DATA FOR THE TASK
..............................

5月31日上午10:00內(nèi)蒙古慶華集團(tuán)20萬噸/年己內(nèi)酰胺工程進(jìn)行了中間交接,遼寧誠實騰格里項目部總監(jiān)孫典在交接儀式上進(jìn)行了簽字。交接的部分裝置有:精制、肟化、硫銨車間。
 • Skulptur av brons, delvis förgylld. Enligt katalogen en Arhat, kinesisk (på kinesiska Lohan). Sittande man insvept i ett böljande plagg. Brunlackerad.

..............................

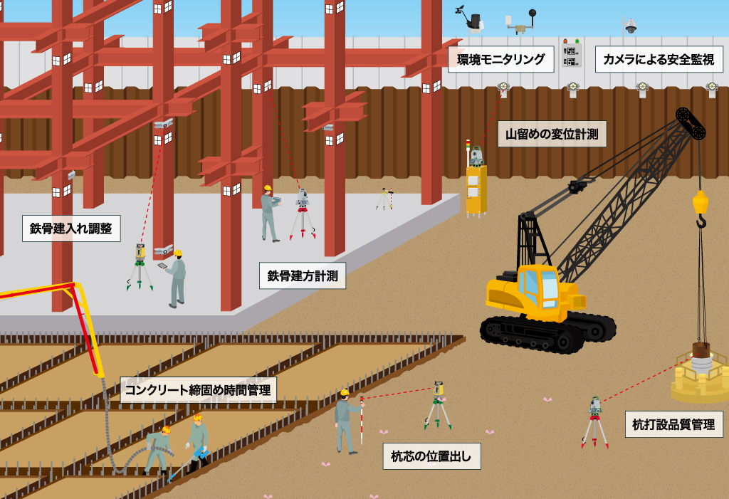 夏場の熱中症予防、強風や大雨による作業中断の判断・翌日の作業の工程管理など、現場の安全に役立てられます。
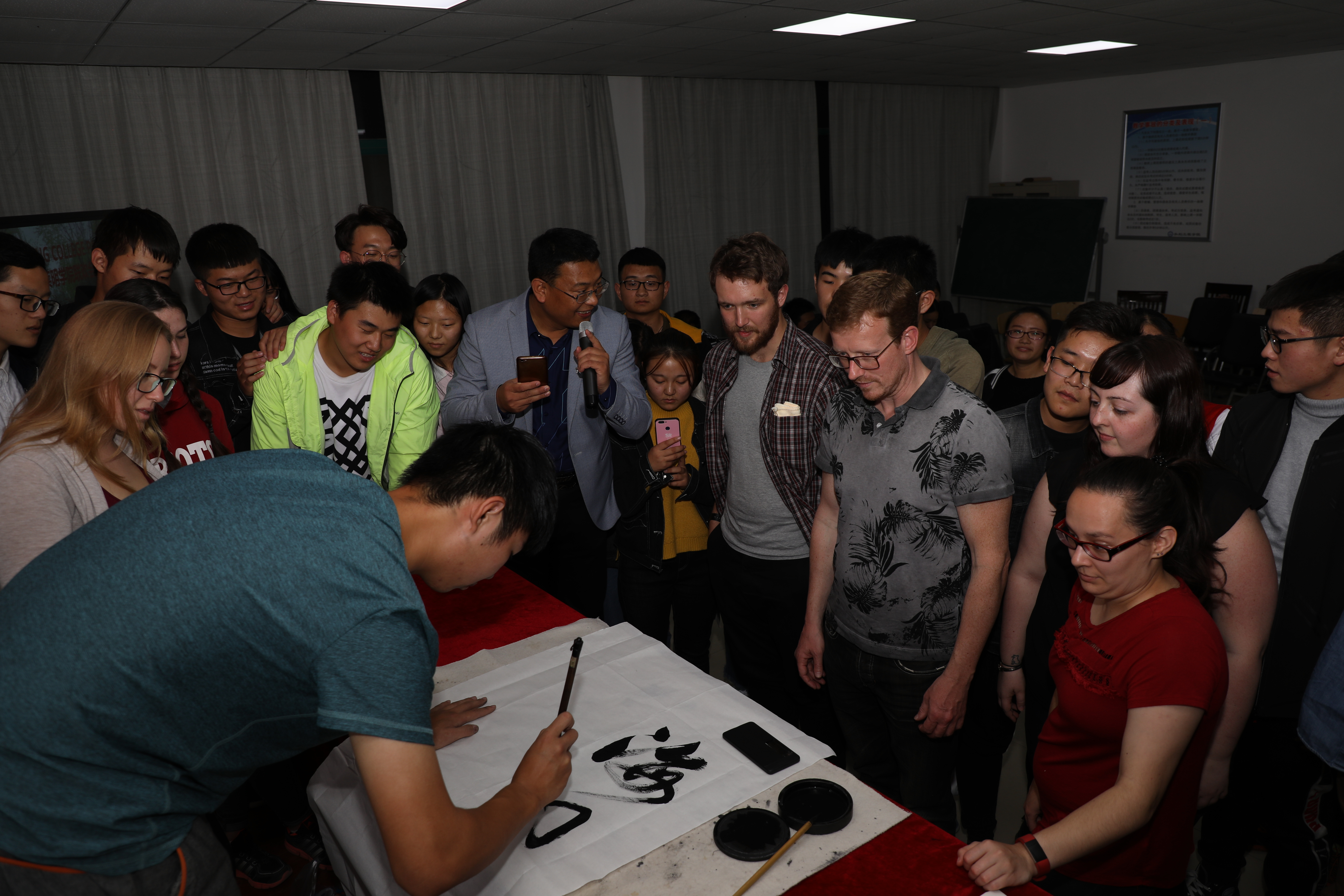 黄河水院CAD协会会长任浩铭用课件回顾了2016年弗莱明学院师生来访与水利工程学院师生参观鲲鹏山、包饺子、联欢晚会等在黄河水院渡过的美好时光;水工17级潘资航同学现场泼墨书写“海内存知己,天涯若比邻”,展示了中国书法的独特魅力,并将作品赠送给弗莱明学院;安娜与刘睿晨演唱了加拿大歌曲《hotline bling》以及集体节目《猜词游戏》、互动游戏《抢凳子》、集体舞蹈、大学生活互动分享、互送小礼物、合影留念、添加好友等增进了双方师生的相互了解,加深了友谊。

..............................

PROBLEM
Beginning at the line above that contains "5月31日上午10:00內(nèi)蒙古", return each line exactly through the line that contains "böljande plagg. Brunlackerad.", and no others.

YOUR SOLUTION
5月31日上午10:00內(nèi)蒙古慶華集團(tuán)20萬噸/年己內(nèi)酰胺工程進(jìn)行了中間交接,遼寧誠實騰格里項目部總監(jiān)孫典在交接儀式上進(jìn)行了簽字。交接的部分裝置有:精制、肟化、硫銨車間。
 • Skulptur av brons, delvis förgylld. Enligt katalogen en Arhat, kinesisk (på kinesiska Lohan). Sittande man insvept i ett böljande plagg. Brunlackerad.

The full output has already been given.